У входа в подъезд они оба переглядываются еще раз, и вдруг Мишель хватает Никиту за рукав.
– Я больше тут не могу, деда.
– Опять двадцать пять.
– Правда, не могу. Я тут сдохну.
– Ну вот прямо и сдохнешь!
– Я тебе серьезно говорю.
– И я тебе серьезно, Мишелька. Сама подумай: если бы твои родители были бы до сих пор живы – да неужели бы они тебя не забрали?
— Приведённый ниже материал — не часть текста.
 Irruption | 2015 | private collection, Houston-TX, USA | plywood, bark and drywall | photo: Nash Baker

Твой отец в тебе души не чаял! Ты у него с шеи не слезала, он тебя ножками побегать на минуту не отпускал… Сколько лет прошло – и ни слуху, ни духу. Ну это тебе о чем-нибудь говорит?
Мишель набирает воздуха в легкие. Сколько раз их разговор упирался именно в это: в ее упрямое нежелание допустить, что родителей давным-давно нет. Она поднимает глаза на деда.
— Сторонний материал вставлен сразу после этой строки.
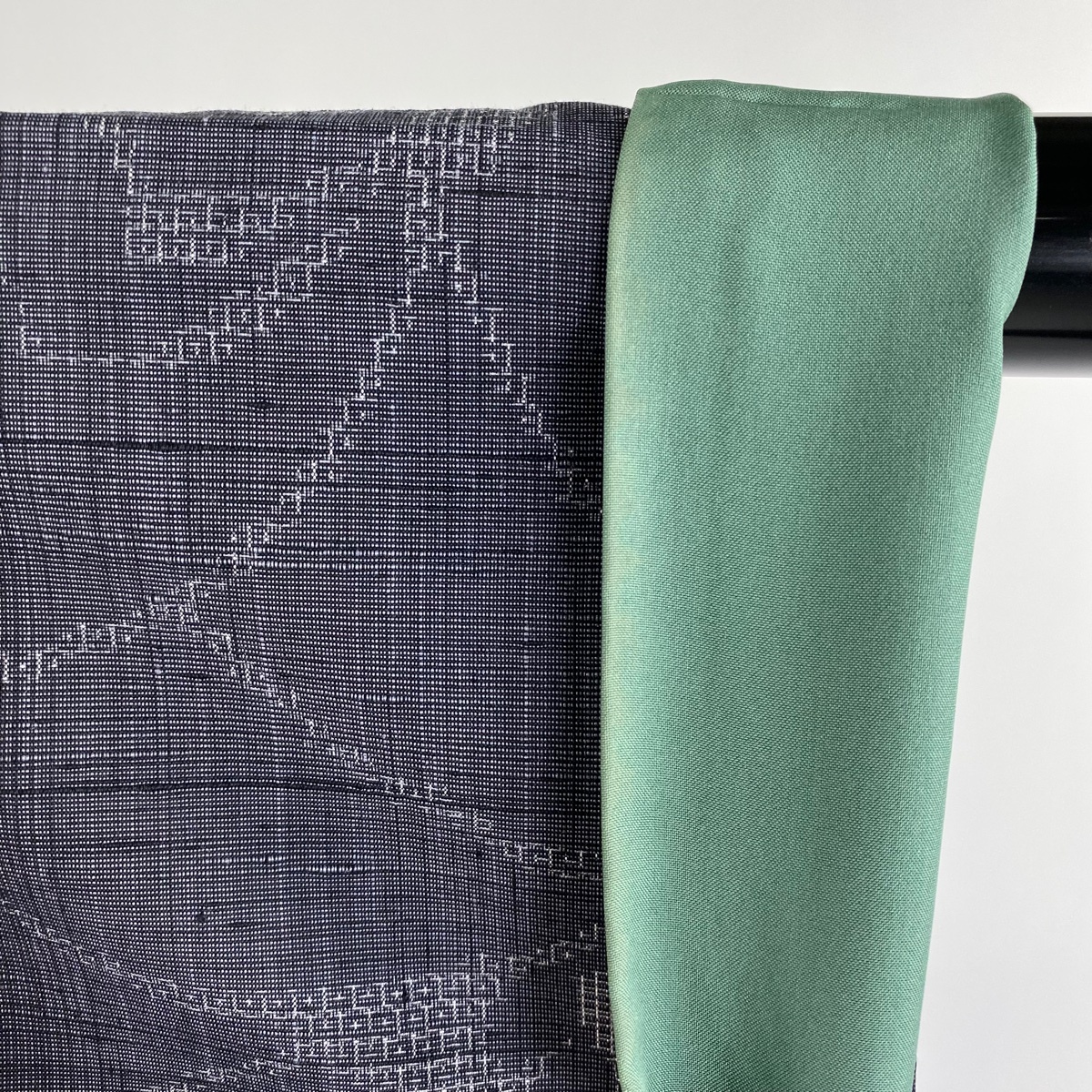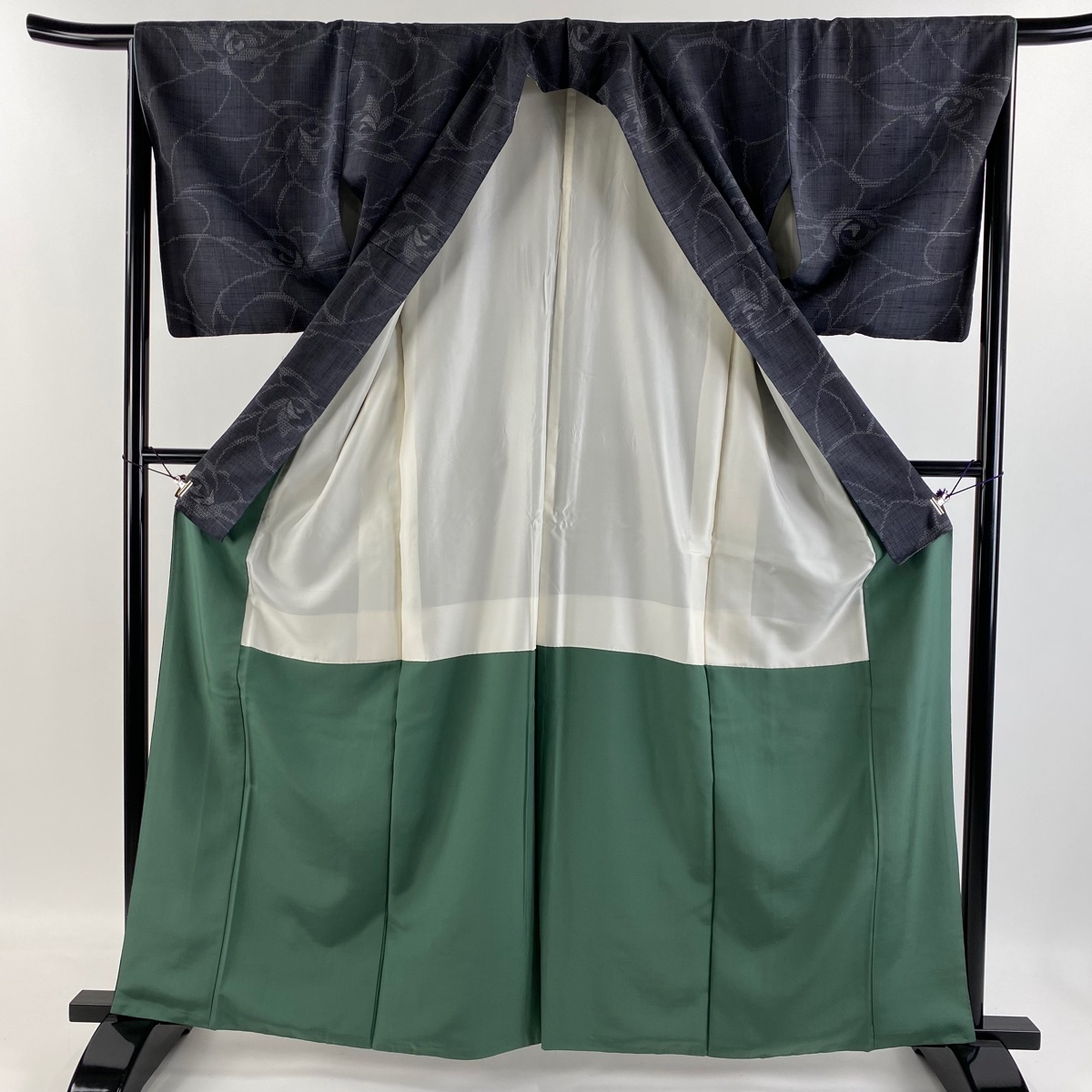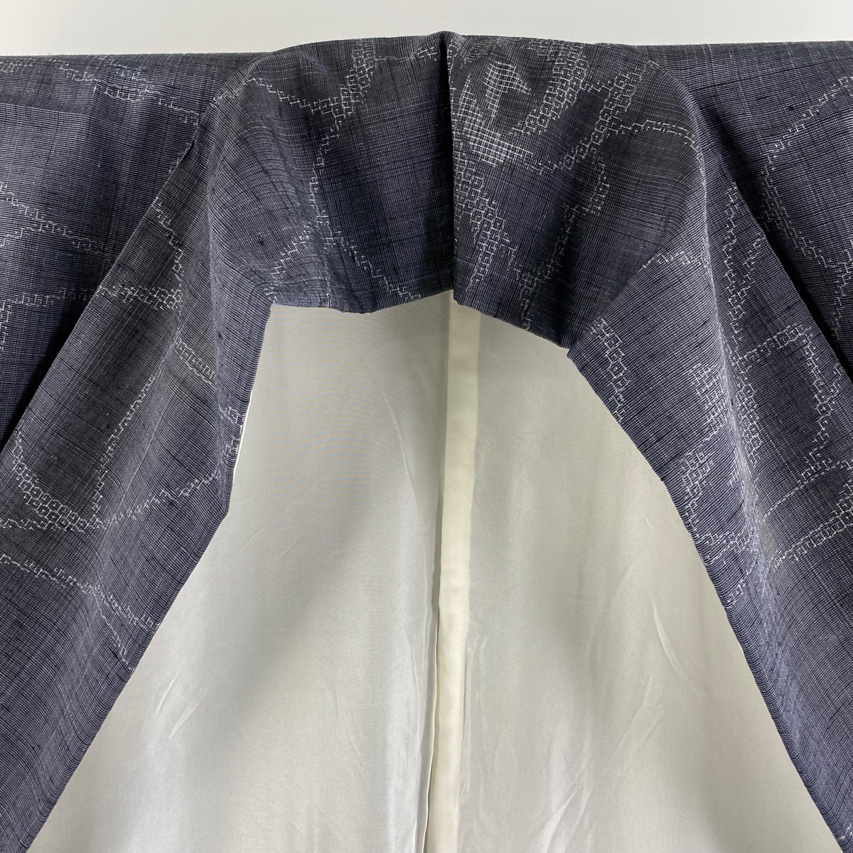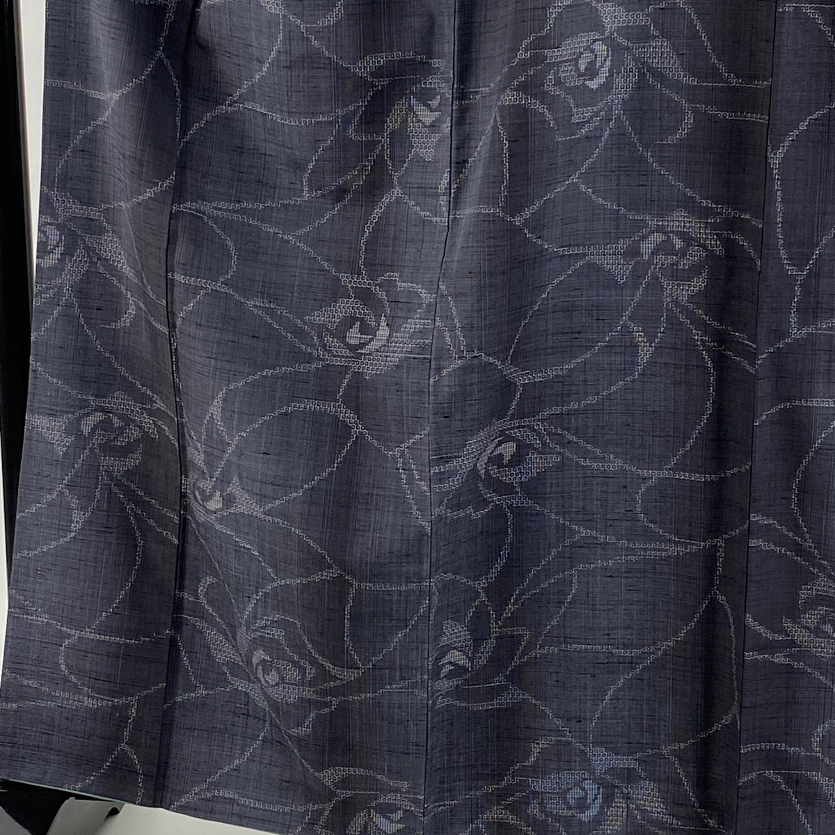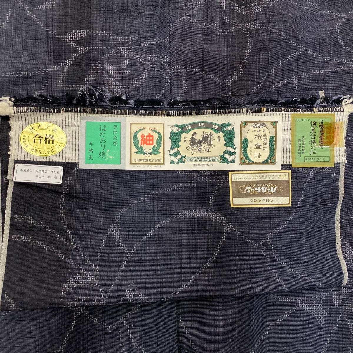 | 結城紬 逸品 証紙 はたおり娘 奥順 薔薇 亀甲絣 青灰色 袷 身丈162 裄丈63.5 S 正絹 【中古】 |

– Ну и че? Ну ладно, ну умерли они. И че?
– И кому ты там нужна тогда?
– Дяде Мише. Тете Саше.
– Позвонить они могли за столько лет, дядя Миша? Не звонили же.
– Ну и ладно! И все равно!
– Пойдем, Мишель. Пойдем домой.
Она мотает головой, но по лестнице за ним наверх все-таки бредет. Навстречу им соседи, из распахнутых дверей хлещет свет, слышны детские смех и плач, ругаются какие-то муж с женой, не думая даже закрыться. Коммуна так потому и называется, что вся она – одна коммуналка на четыре этажа. Какие уж тут секреты друг от друга. Какая тут личная жизнь.
Дверь, конечно, скрипит, и бабка сразу слышит этот скрип.
– Никита! Ты? Никита!
– Я, Маруся, я.
– Пойди ко мне. Пойди. Поговорить хочу.
Мишель садится в кухне и глядит в стену. Хочется достать телефон: без телефона хоть вешайся.
– Что ты, Маруся?
– Я повенчаться с тобой хочу. Хочу повенчаться, Никита.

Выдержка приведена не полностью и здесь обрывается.